Thursday, April 28, 2011

categories

So tonight I went to a small, rural Nebraska town to speak to a group of Anglo, Lutheran women. I ate lots of delicious Anglo, Lutheran women salads, main ingredients for the salads being mayo and pasta. The women at my table discussed how Obama released his birth certificate today, and it was clear that they were skeptical and didn't like him one bit. I did my best to point out the facts and may have been mildly successful, but I know there wouldn't be any significant changing the minds.

One woman had the most hideous hair, straight out of the 80s; bad perm, big bangs and all. She kept talking about her teenage son, Jose. Apparently, he just had a birthday that he invited half the town to, and he really likes deviled eggs. She made 2 dozen for his party.

They were very friendly and maybe a little awkward, because almost no one asked me any questions about myself or my job. I felt like a foreigner.
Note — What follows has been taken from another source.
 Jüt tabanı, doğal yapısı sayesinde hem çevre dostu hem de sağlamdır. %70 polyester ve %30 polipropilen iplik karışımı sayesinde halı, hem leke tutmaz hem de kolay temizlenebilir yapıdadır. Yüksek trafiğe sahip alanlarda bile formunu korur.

While sitting there, I thought to myself, "I'd probably be more at home in a refugee camp than I am here." Though I used the same tactics there as I use in cross-cultural settings, mainly keeping a close eye on how every one else behaves so I know I should also behave; patiently waiting until someone does what I would like to do, so I can do it like they do, as not to stick out or offend. They were VERY attentive during my presentation, though, and their initial feedback indicated they found it very interesting and learned a lot, which I always like to hear.

Either way, I got to thinking about stereotypes. I wonder if they were looking at me and thinking, "Oh, it's one of those city types. I bet she goes to the gym and listens to NPR and indie bands with funny names and buys those funny light bulbs for her house." And they would be pretty much spot on in their assessment, except I don't always buy those funny lightbulbs because they have mercury in them and I don't know how to properly dispose of them.

It's easy for us to think we're special and unique and get stuck in our little rut with our narrow perspective that what we think is correct. It's easy for us to think we can answer the questions of the world, because we can probably best answer the big questions of our own little narrow world. I felt that when I stepped into their little world and stepped out of mine. I forgot how easy it can be to stereotyped myself. I forgot how easily I can fall into a category. Yes, to some extent I am special and unique, and to some extent, I'm not. To some extent, I fall into a particular category where the TV stations and Facebook know how to target advertising to me and I buy what they expect me to (Arcade Fire tickets, pants from New York & Company, Taco Bell's $5 meals, membership to Snap Fitness) (except I typically watch shows out of my demographic...Law & Order is totally targeted to people who need Lipitor, Viagra, and Depends, Family Guy is targeted to people who play violent video games, use Old Spice, and eat fast food). Anyway, I think it's good to remember sometimes that we do fall into a category and that it's okay. It's also important to remember that we are more than the category we fall into.